FYI: Doesn’t (really) work for me, but might for you: All knife reviews are subjective, so it goes without saying: Take any comments with a grain of salt. (My wife and I can’t even agree on what makes a good knife!) What works for my big hands may not be comfortable for a smaller person. Or vice versa. But you read this far to help with your buying decision. So here are some nit-picky observations.
Blade too thick: A bird and trout knife should have a thin blade. It is not a survival knife, and the blade doesn’t need much lateral strength. It is not designed to be a big game hunting knife. A fishing knife blade needs to be thin, so it can do a passable job filleting fish. The blade also needs to be thin enough to eviscerate a game bird.

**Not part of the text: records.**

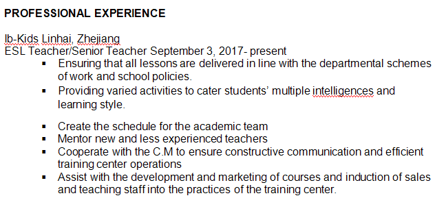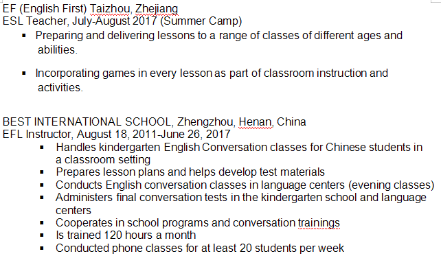 面試詳情:『職福建,廣州,常州、無錫、溫州,嘉興,南通.』的用人單位可約該外教面試
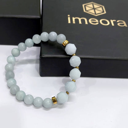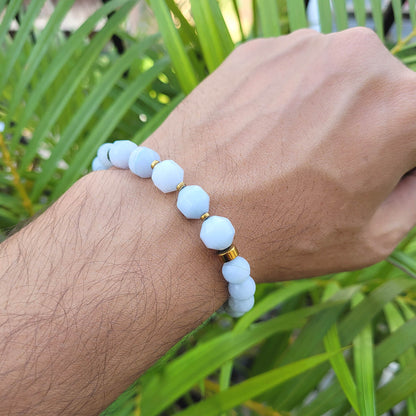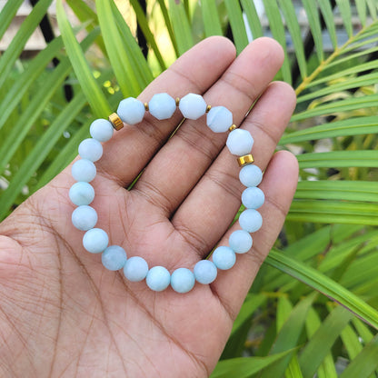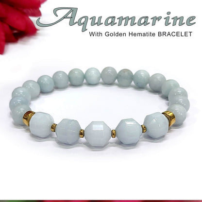Diamond Cut Aquamarine With Golden Hematite Natural Stone Bracelet
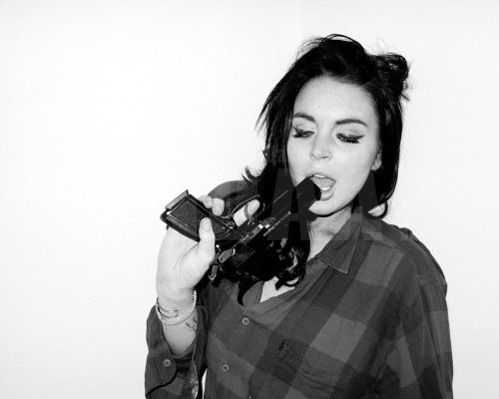 Энэ нь түүний ээлжит цуврал гэрэл зураг аж. Түүнийг өмнө нь нүцгэн, согтуу, мансуурсан байдлаар бид харж байсан. Харин энэ удаад буутай... Гэрэл зурагчин нь Терри РИЧАРДС. Зургийн нэр “Муу охин”.
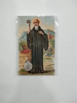 Sobre que contiene una estampa con oración y una medalla metálica de 1.7 cm de San Benito.
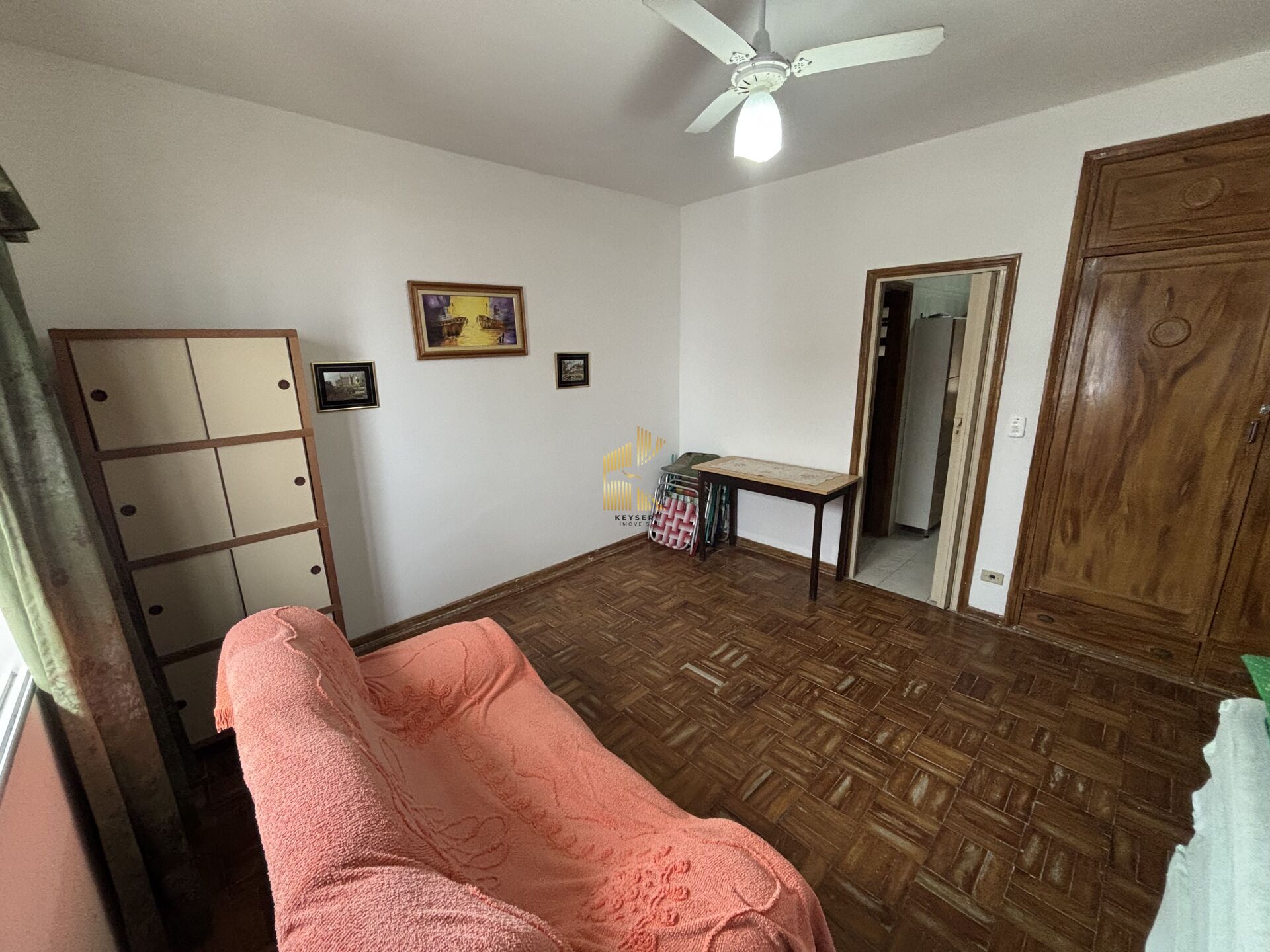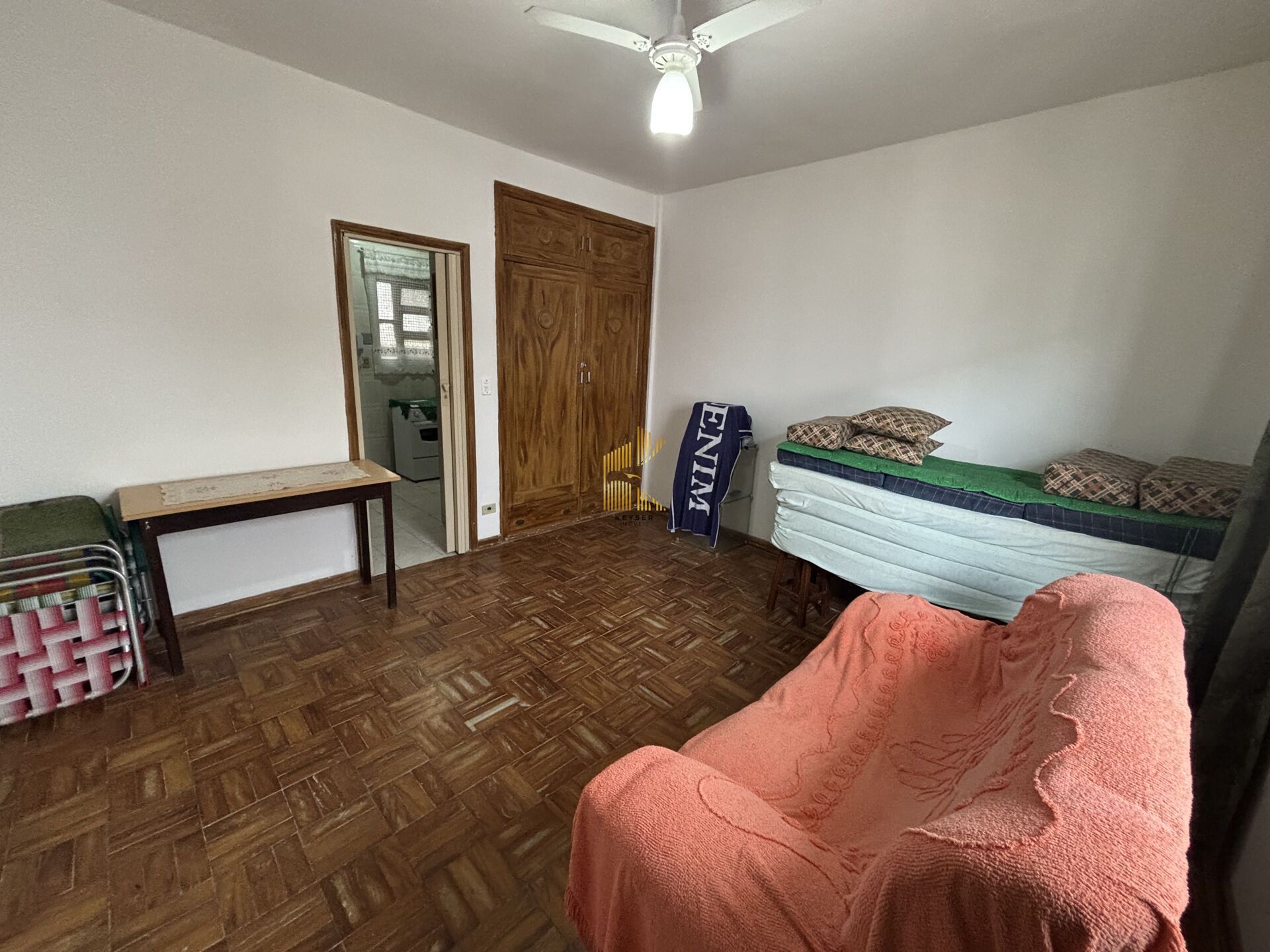 kitnet ampla, bem arejada e iluminada, com vista lateral do mar, cozinha com movéis, e banheiro social, sem vaga de garagem.
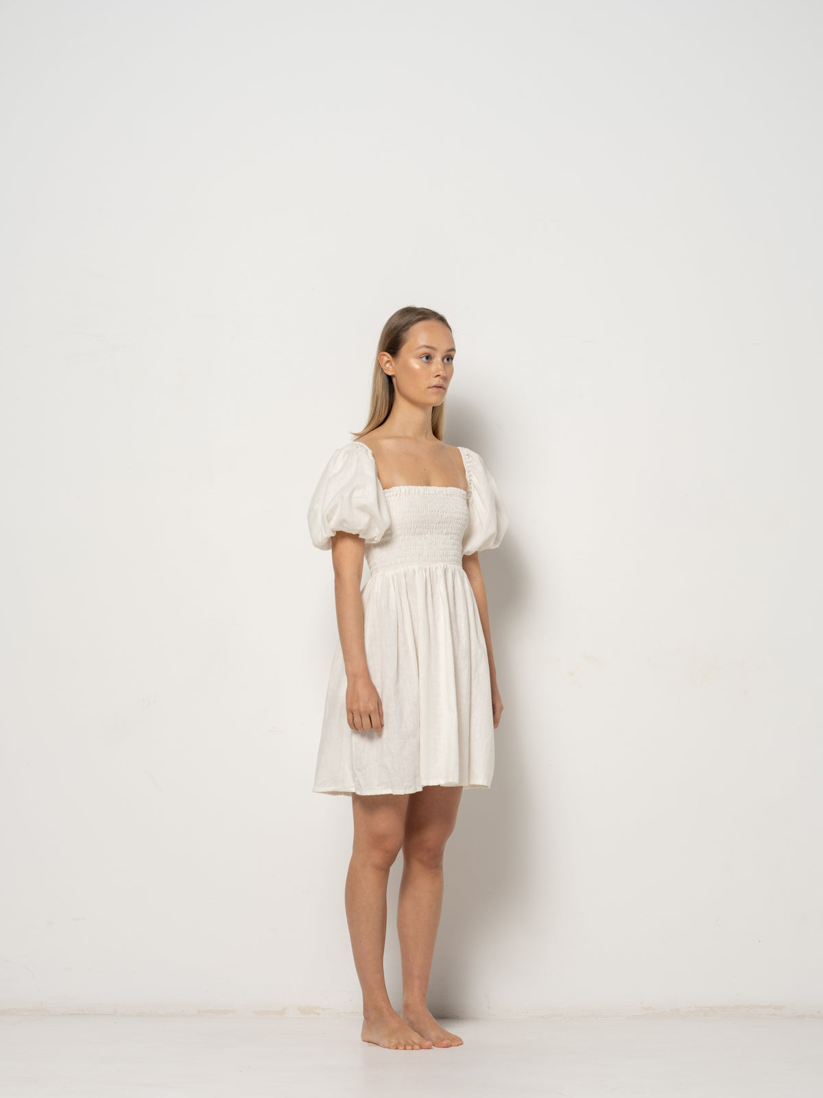 Maja Puff Sleeve Dress is perfect for summer with its elasticized chest and fluffy skirt, giving you a comfortable and flattering fit. The dreamy puff sleeves add a romantic touch. Made from Natiural Dye Hemp & Organic Cotton.

The Bird and Trout is far more likely to be used as a paring knife in the kitchen than anything else. But the blade thickness reduces its effectiveness.
There is a potential for rust: High carbon steel rusts. You know that going it, and it’s not a deal breaker for me. I have used carbon steel blades for decades in the hot, humid swamps of the Deep South with no problem. But I also wipe the blade down immediately after using it, and put a thin coat of mineral oil on the blade before storing it.
If you don’t want to worry about your blade rusting, get stainless steel. (CORRECTION: Thanks, Jacob Allen, for pointing this out: “While Lon uses mostly carbon steels, the B&T is stainless 440C, so rust won’t be as big of a concern on this particular model.”)
Handle too narrow: (See “…wife and I can’t agree.. “^^^) Some handles that I really like are too bulky for my wife’s much smaller hands. I find the handle to be a good length, but a trifle slim for my hands. If you absolutely must have a thicker handle, a solution might be to wrap the handle with hockey stick or tennis racket wrap to bulk up the grip.
Finish: I love the hammer and forge marks on the blade – it give the knife that old-timey look I find very appealing. In fact, that finish is one reason I got a Sterling as soon as they came on the market. But if you are looking for a smooth slicer for the kitchen, you’ll need to keep looking. The combination of thick blade and rough finish means the blade will not glide through food preparation as well as some.
Grind: I like convex grinds, but that is another subjective decision. The flat grind with micro bevel works well for its intended purpose.
All in all, this knife is a solid user, that will give decades of good service in the upland game fields and on the fishing rivers. It is well-made, and a beautiful knife. You can’t go wrong with this one!